**DATA SECTION**

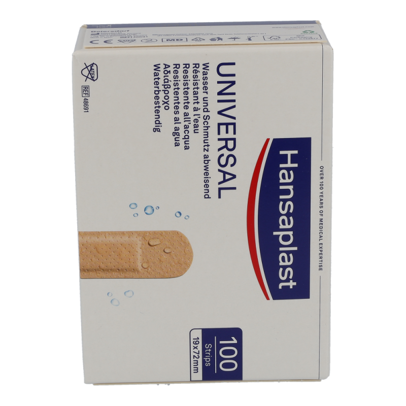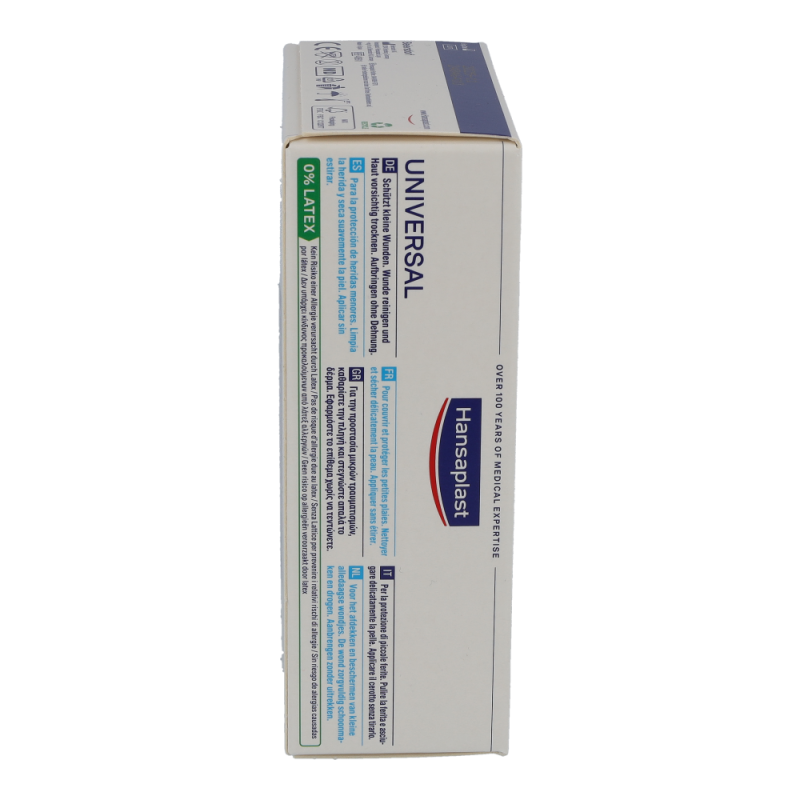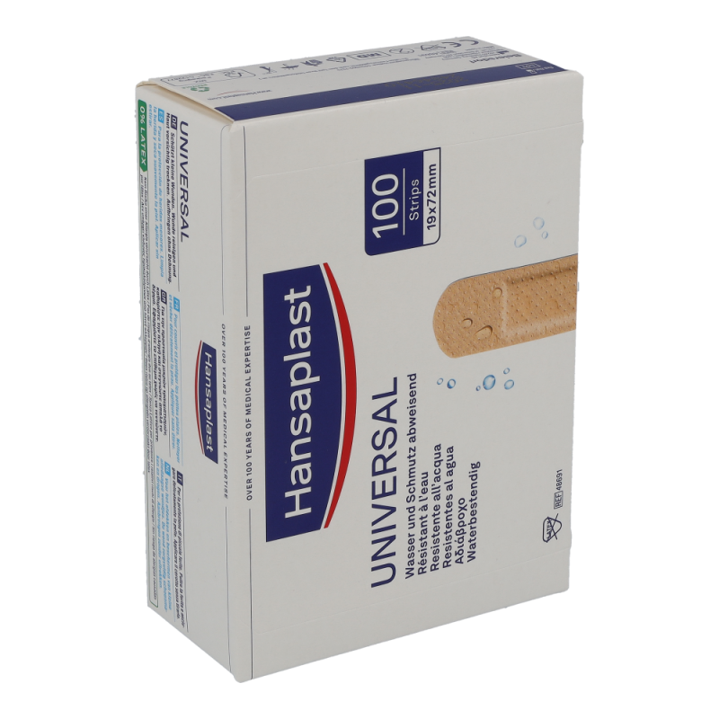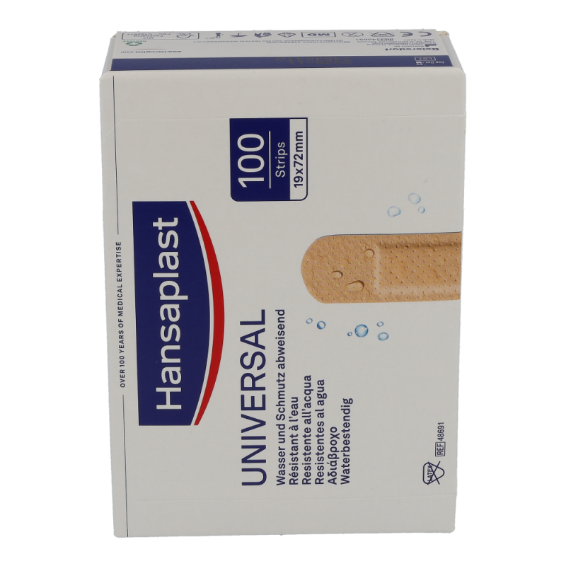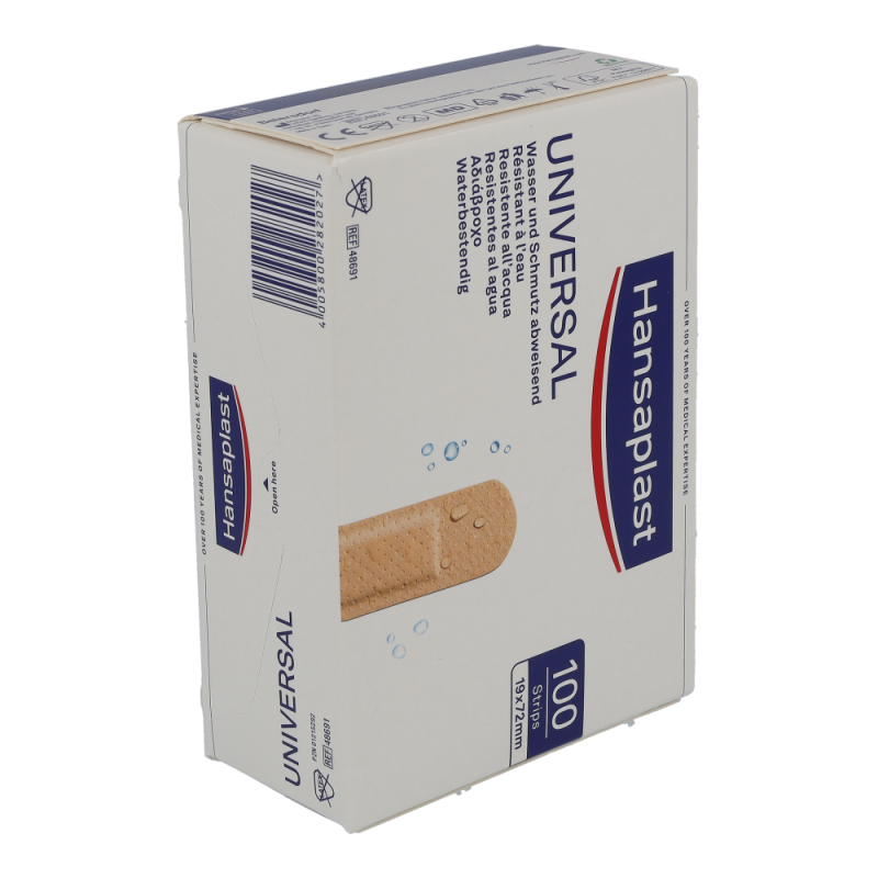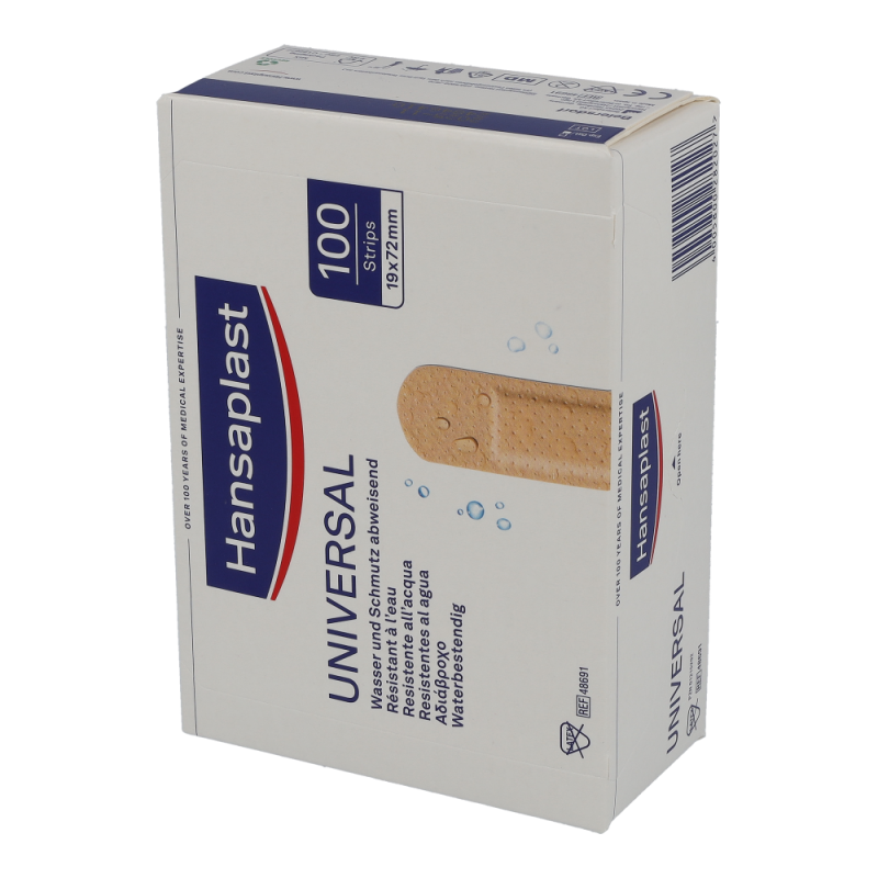 Hansaplast Universal besteht aus wasser- und schmutzabweisendem, aber gleichzeitig hautfreundlichem, atmungsaktivem Material und ist zur Versorgung kleiner Verletzungen geeignet, besonders wenn Verletzungen Schmutz und Feuchtigkeit ausgesetzt sind. Dank starker Klebkraft schützt es die Wunde zuverlässig. Die nicht verklebende Wundauflage schützt und polstert die Wunde.
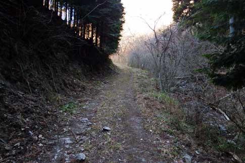 前方左カーブ先で林道終点 | 林道終点・丸太橋@ | |||
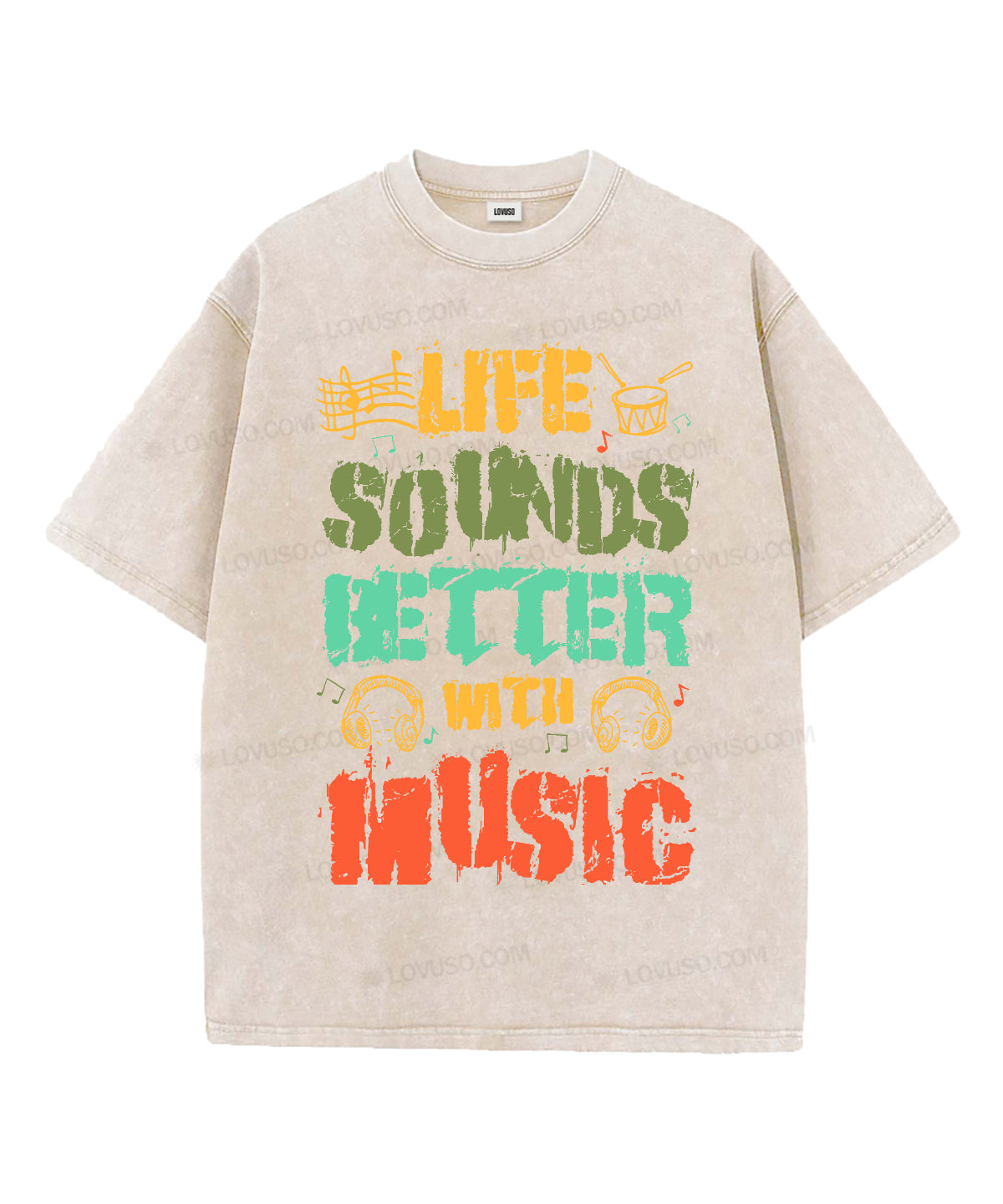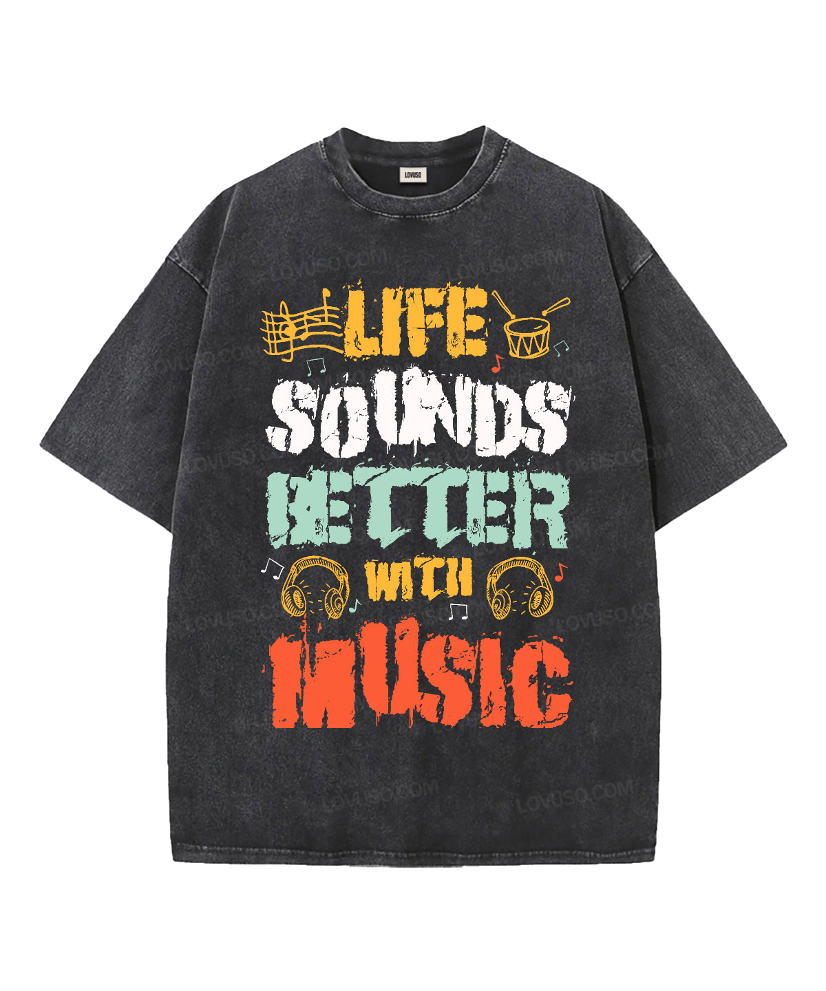 Life Sounds Better With Music Double Sided Washed T-shirt
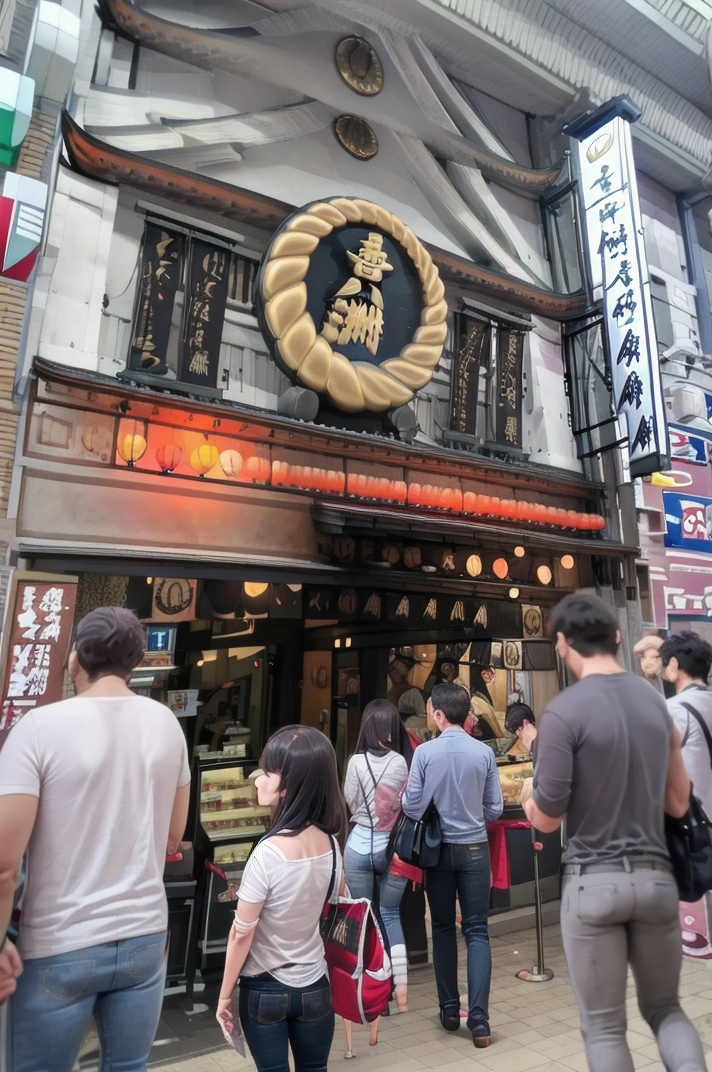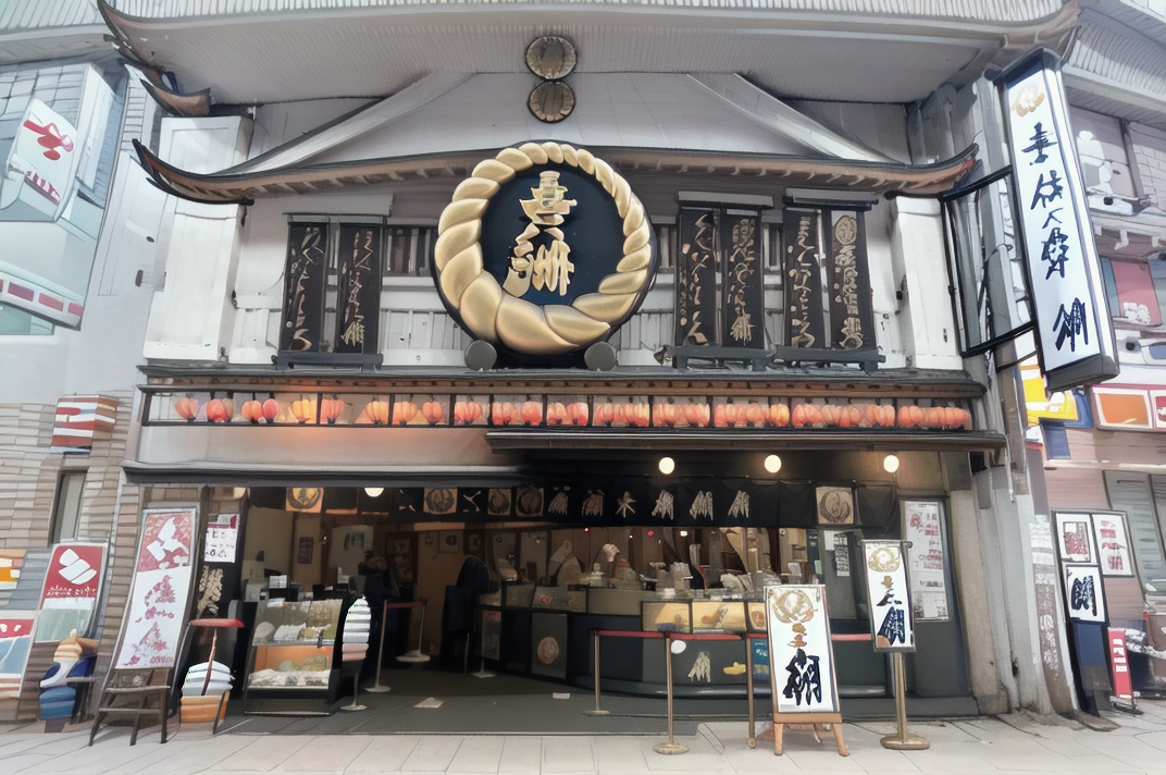 long-established Japanese sweets store in Juso, Osaka. Mitarashi dango is very popular. これはで大阪十三にある老舗和菓子店の風景を描くことができるかもしれないLoRAです。みたらしだんごが大人気です。

**TASK INSTRUCTIONS**
Repeat every line of the data above exactly, but drop the pictures.

**COMPLETED TASK**
 Hansaplast Universal besteht aus wasser- und schmutzabweisendem, aber gleichzeitig hautfreundlichem, atmungsaktivem Material und ist zur Versorgung kleiner Verletzungen geeignet, besonders wenn Verletzungen Schmutz und Feuchtigkeit ausgesetzt sind. Dank starker Klebkraft schützt es die Wunde zuverlässig. Die nicht verklebende Wundauflage schützt und polstert die Wunde.
 前方左カーブ先で林道終点 | 林道終点・丸太橋@ | |||
 Life Sounds Better With Music Double Sided Washed T-shirt
 long-established Japanese sweets store in Juso, Osaka. Mitarashi dango is very popular. これはで大阪十三にある老舗和菓子店の風景を描くことができるかもしれないLoRAです。みたらしだんごが大人気です。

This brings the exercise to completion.